Pese a las advertencias tremendas del presidente Nayib Bukele, que proclamó en su lengua natal –entiéndase Twitter– que ya había comenzado la tercera guerra mundial; pese a que la policía ha detenido, o retenido, a más de 700 personas por andar en la calle sin una buena excusa; pese a que el ministro de Seguridad amenazó a los viandantes con llevarlos a unos centros de cuarentena que describió como lugares infectos; pese a que la Mara Salvatrucha-13 difunde videos donde sus homeboys torturan a batazos a quienes salen a la calle sin razón; pese a las imágenes escalofriantes de Europa colapsada, o de la curva de contagios al galope en Estados Unidos; o del escenario siniestro de Guayaquil, Ecuador, donde las familias queman los cadáveres de los suyos en plena calle, como si fueran basura, los centros urbanos de los populosos municipios de Soyapango, Mejicanos y Apopa lucían hormigueantes, efervescentes, durante la víspera al Domingo de Ramos, a medio camino de la cuarentena obligatoria de 30 días.
Sobre La Tiendona, central de abastos de la capital, flotaba esa nube olorosa y densa, mezcla de especias y de frutas fermentadas; los cargadores de bultos caminaban afanados con sacos enteros de jocotes en la espalda, los camiones de papa se abrían paso entre las callejuelas internas, saturadas de canastos y vendedores y clientes que aprietan tomates y regatean los precios. Ahí todo se toca, todos se rozan, las mascarillas son absurdas y los guantes de latex son de otro planeta. El COVID-19 sólo alcanzó a cerrar algunos puestos, a poner unos lavamanos portátiles a la entrada y unos policías extra, a los que no se les ocurre, por pura sensatez, pedirle a la gente que se separe más de un metro.
Hay también, en los puestos de granos básicos, un rotulito más bien discreto, que advierte que no se puede atender a más de tres personas a la vez. “El primer domingo cuando se anunció que se cerraban las fronteras pensamos en no abrir –me dice Wilber, que despacha en uno de esos locales– pero vinimos a ver si había gente… Mire, la gente se peleaba por la Nixtamasa, para hacer tortillas, teníamos en la bodega 300 paquetes (3 mil libras) y se los llevaron todos. Suerte que ahí todavía no habían puesto eso de que no podía haber tanta gente”.

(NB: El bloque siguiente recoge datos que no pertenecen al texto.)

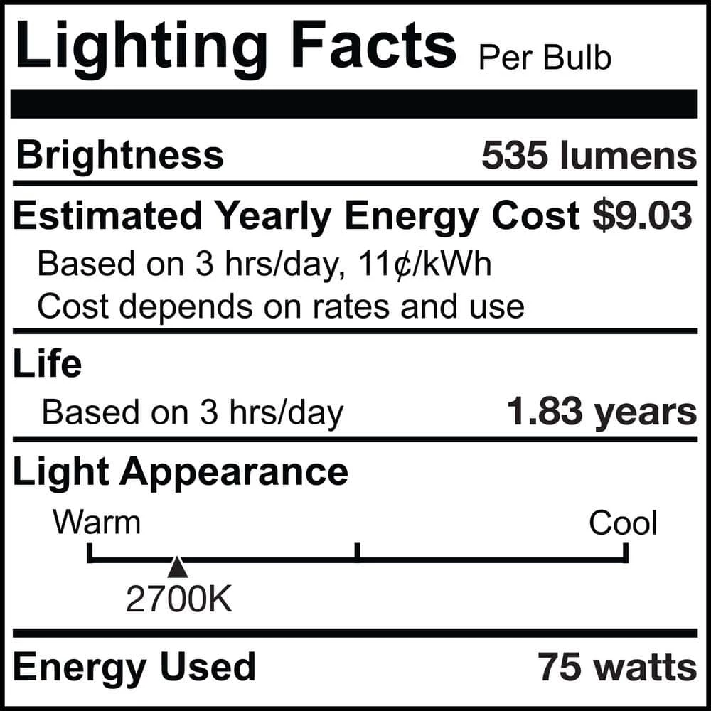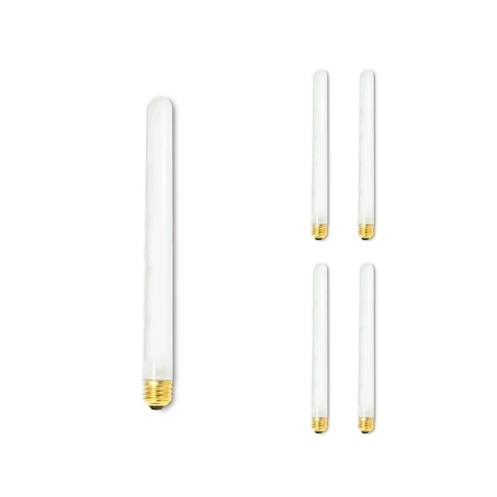 Included in this box are five individual 75-Watt T8 bulbs. Each bulb has a medium E26 screw base. Inspired by the beauty found in everyday things, this collection is oversized to create a strong visual element in any decorative lighting application in your home or business. With a Kelvin score of 2700 each, these bulbs emit a warm white light. They are fully dimmable and their finish is frosted glass for a diffused lighting effect.
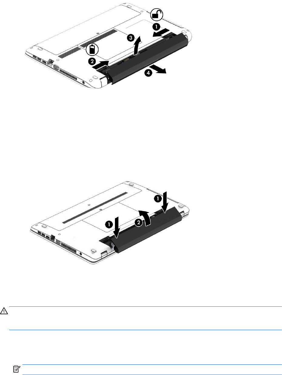 3. Kallutage akut ülespoole (3) ja eemaldage see arvutist (4).
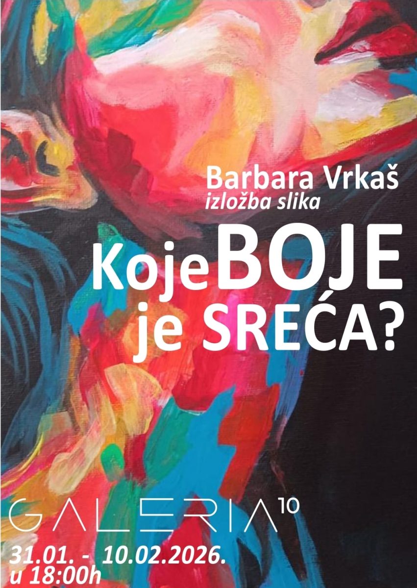 Iz Galerije 10 pozivaju na otvaranje izložbe likovnih radova pod nazivom “Koje boje je sreća?”, autorice Barbare Vrkaš, koje se održava u subotu 31.siječnja u 18 sati na adresi Kalalarga 10.
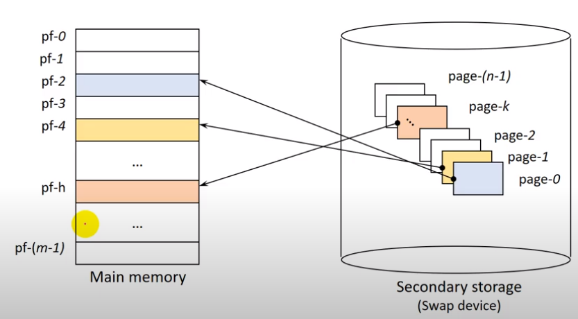 - 실행 시, 필요한 block들만 메모리에 적재, 나머지는 swap device(가상 메모리)에 존재

Lejos de los centros urbanos, donde la orden de no transitar comienza a relajarse, las comunidades más pobres, más asoladas por la maldición de las pandillas, estaban desiertas, y transitadas apenas por carritos presurosos y escasos. En el Distrito Italia, por ejemplo, la amenaza de la Mara Salvatrucha casi podía tocarse: no hay vecinos en las calles ni chalets abiertos ni ruidosos cultos cristianos; y en la soledad de las calles, en el silencio del lugar, se adivinan ojos fisgones y controladores.
Un pastor evangélico, que vive en esa comunidad desde que se fundó y que entiende al dedillo los mecanismos que se activan y desactivan en la cotidianidad de aquel barrio, alcanzó apenas a saludarme con una sonrisita tensa que tenía un “váyase” de fondo. Una hora después, desde un mensaje de voz en el teléfono, me envió dos bendiciones y un cuídese mucho que ya estaba yo echando de menos.